— А помнишь, Наташа, — воскликнул я, — как, бывало, твой Simon возьмет тебя в охапку и унесет неведомо куда… знаешь ли, ведь это было отчасти даже скандально!
— Ах, не вспоминай… я так была тогда счастлива! И опять две слезки.
— А ты как? — спохватилась она, — все такой же… дурной?
Очевидно, что лексикон ее был не разнообразен. Но и это опять-таки мило. Она знает, что она куколка и что les messieurs любят куколок совсем не за лексикон. Они любят потому, что они… дурные. Это слово запало в ее голову, и она повторяет его, как повторяла и ее куколка-maman. Они дурные, но, вместе с тем, они и милые, хотя об этом не принято говорить, а можно только по секрету думать. И maman ее по секрету так думала, и в доказательство, что les messieurs бывают и милые, большая куколка произвела на свет маленькую куколку. Дурные и милые — весь круг ее мыслей тут, а в то же время и весь лексикон. Ужели это не трогательно?
— Ну, что́ обо мне говорить! — ответил я, — нет, ты лучше вот что скажи: где ты это платьице шила?
— У Worth… я всегда у него, весь туалет делаю. Ах, он такой милый! Et gentleman — jusqu’au bout des ongles! Когда он снимает мерку, я всегда хохочу. А тебе нравится это платье?
Она инстинктивно встала, подошла к зеркалу, посмотрелась спереди, отошла, потом повернулась, опять отошла, оглянулась и поправила сзади складочку.
— Не правда ли, хорошо?
— Восхитительно!
— И что ужасно приятно: я почти совсем не чувствую, что я одета. А впрочем, это достается не легко, потому что он (Worth) ужасно как строг!
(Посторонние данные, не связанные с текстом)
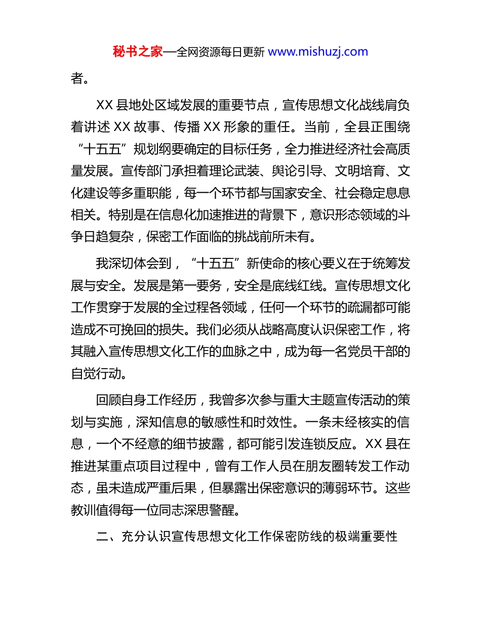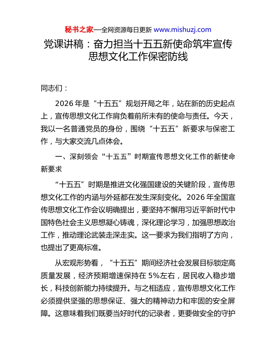 秘书之家—全网资源每日更新 www.mishuzj.com党课讲稿:奋力担当十五五新使命筑牢宣传思想文化工作保密防线同志们:2026 年是“十五五”规划开局之年,站在新的历史起点上,宣传思想文化工作肩负着前所未有的使命与责任。今天,我以一名普通党员的身份,围绕“十五五”新要求与保密工作,与大家交流几点体会。一、深刻领会“十五五”时期宣传思想文化工作的新使命新要求“十五五”时期是推进文化强国建设的关键阶段,宣传思想文化工作的内涵与外延都在发生深刻变化。2026 年全国宣传思想文化工作会议明确提出,要坚持不懈用习近平新时代中国特色社会主义思想凝心铸魂,深化理论学习,加强思想政治工作,推动理论武装走深走实。这一要求为我们指明了方向,也提出了更高标准。从宏观形势看,“十五五”期间经济社会发展目标锁定高质量发展,经济预期增速保持在 5%左右,居民收入稳步增长,科技创新能力持续提升。与之相适应,宣传思想文化工作必须提供坚强的思想保证、强大的精神动力和牢固的安全屏障。这意味着我们既要当好时代的记录者,更要做安全的守护秘书之家—全网资源每日更新 www.mishuzj.com者。XX 县地处区域发展的重要节点,宣传思想文化战线肩负着讲述 XX 故事、传播 XX 形象的重任。当前,全县正围绕“十五五”规划纲要确定的目标任务,全力推进经济社会高质量发展。宣传部门承担着理论武装、舆论引导、文明培育、文化建设等多重职能,每一个环节都与国家安全、社会稳定息息相关。特别是在信息化加速推进的背景下,意识形态领域的斗争日趋复杂,保密工作面临的挑战前所未有。我深切体会到,“十五五”新使命的核心要义在于统筹发展与安全。发展是第一要务,安全是底线红线。宣传思想文化工作贯穿于发展的全过程各领域,任何一个环节的疏漏都可能造成不可挽回的损失。我们必须从战略高度认识保密工作,将其融入宣传思想文化工作的血脉之中,成为每一名党员干部的自觉行动。回顾自身工作经历,我曾多次参与重大主题宣传活动的策划与实施,深知信息的敏感性和时效性。一条未经核实的信息,一个不经意的细节披露,都可能引发连锁反应。XX 县在推进某重点项目过程中,曾有工作人员在朋友圈转发工作动态,虽未造成严重后果,但暴露出保密意识的薄弱环节。这些教训值得每一位同志深思警醒。二、充分认识宣传思想文化工作保密防线的极端重要性秘书之家—全网资源每日更新 www.mishuzj.com保密工作是国家安全的基石,是机关运转的要害,更是宣传思想文化战线的生命线。2026 年 2 月召开的市委宣传部保密工作领导小组(扩大)会议强调,要依法治密、提升保密效能、抓好保密教育、强化日常管理,这些要求具有很强的针对性和指导性。从历史维度看,保密工作始终是党的优良传统和政治优势。革命战争年代,无数先烈用生命守护党的机密,铸就了永不褪色的红色保密基因。和平建设时期,保密工作依然是维护国家安全的重要保障。进入新时代,信息化浪潮汹涌而至,窃密与反窃密的斗争从未停歇,保密工作面临的形势更加严峻。宣传思想文化工作涉及意识形态、舆论导向、文化传承等核心领域,信息敏感度高、影响面广。一份未公开的政策文件、一场正在筹备的重大活动、一条待发布的新闻稿件,都承载着重要的政治意义和社会价值。一旦泄露,轻则影响工作推进,重则危及国家安全和社会稳定。从个人认识出发,我深感保密工作与党性修养密不可分。保密意识强弱,直接反映党员干部的政治觉悟和纪律观念。一个对党忠诚、党性坚定的党员干部,必然会把保守党的机密视为政治责任,像珍惜生命一样严守秘密。反观一些泄密案件,根源往往在于当事人党性不纯、纪律松弛,把保密规定当作耳旁风,把组织提醒当作走过场。秘书之家—全网资源每日更新 www.mishuzj.comXX 县委宣传部在日常工作中形成了一套保密管理制度,包括涉密文件登记传阅、信息发布“三审三校”、涉密载体规范管理等。制度的生命力在于执行,执行的保障在于每一名党员干部的自觉。我曾目睹个别同志在微信工作群中讨论涉密事项,有人将工作文件拍照留存手机,这些看似不经意的行为,实则埋下了重大隐患。从全国范围看,202...

Когда он снимает мерку или примеривает — это целый урок… Он командует, à la lettre командует. Представь себе, не позволяет дышать: tâchez de ne plus respirer… parfaitement! oui, c’est ça! Приказывает принимать всевозможные позы: mélancolique, suppliante, impérieuse…заставляет поднимать руки… И это… иногда без рукавов!
— Ах!
— Да, и мне ужасно было в первый раз страшно. Но потом привыкла — и ничего!
— Ну, а перчатки где берешь?
— Перчатки — у Boivin, шляпки — у Coralie. Ну, посмотри: разве можно сказать, что это — шляпка?
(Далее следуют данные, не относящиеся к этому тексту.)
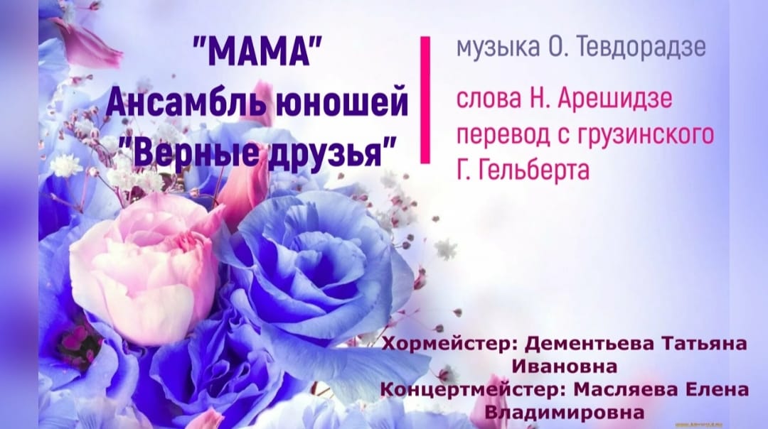"Мама" муз. О.Тевдорадзе, сл.Н. Арешидзе исп. ансамбль юношей "Верные друзья" хормейстер Т.И. Дементьева, концертмейстер Е. В. Масляева #верныедрузьяансамбльюношейтатьянадементьева #алыйпарусддкпичугина #маматевдорадзеддкпичугина #деньматериновосибирскддкпичугина ДДК им. Д.Н.Пичугина всегда открыт для Ваших талантливых детей и новых проектов! https://ddk-pichugina.ru/ ул. Богдана Хмельницкого, 70/1 Администрация. Детская хоровая студия «Дружба». Группы интеллектуального развития детей (ГИДы) Филиалы: ДДК им. Д. Н. Пичугина ул.А.Невского,45 Студия ОРНИ, Студия Хореографии «Вдохновение», Групповые занятия для детей с ОВЗ ДДК им. Д.Н.Пичугина ул.Б. Хмельницкого,64 Студия прикладного, изобразительного и технического творчества

Она опять подошла к зеркалу и повернулась перед ним.
— Какая это шляпка! Это — воздушное безе́! Это «шпанские ветры»… помнишь, у вас был повар Кузьма — как он отлично «шпанские ветры» приготовлял!
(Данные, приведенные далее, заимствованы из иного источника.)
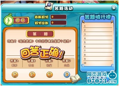 3. 每天答題積分的總排行會(huì)更新。每月排在前3的玩家都會(huì)獲得意外的驚喜喲!

— Ах, Симон так любил это пирожное!
— И это пирожное, и тебя…
— Нет, он любил еще Милэди! помнишь, у нас рыженькая лошадка была, еще я верхом на ней всегда ездила? Еще однажды я так неловко свалилась?
— Помню, помню! Стало быть, три вещи Симон любил: «шпанские ветры», кобылку и тебя. Все вместе это составляет ваши семейные les pieux souvenirs. Но ножки твои, Наташа? Я непременно хочу твою ножку видеть!
Она слегка сжалась, молвила: ах, ты все такой же… дурной! но ножку все-таки показала… Ах, это была ножка!!
— Прелесть! — воскликнул я от глубины души, — и как обута — восхищенье!
— Да, но это уж не в Париже, — заметила она очень серьезно, — туфли и ботинки мне Теодо́р отсюда присылал от Auclair.
— Вот как! Что ж, впрочем, это и резонно. Я и сам: вино от Рауля беру, но балыки… о, балыки непременно надо в Москве на монетном дворе покупать… янтарь!
Упоминание о балыке, по-видимому, подействовало на нее возбудительно, потому что она инстинктивно потерла ручкой корсет в том месте, где даже у куколок предполагается желудочек. Куколка куколкой, а покушать тоже хочется.
— Покушать захотелось? — спросил я, — пожалуйста, не церемонься! приказывай!
— Да… крылышко… если можно! — прошептала она стыдливо.
— Зачем крылышко? котлеточку? бифштекцу?
Я поспешно распорядился, и через полчаса мы уже сидели за столом.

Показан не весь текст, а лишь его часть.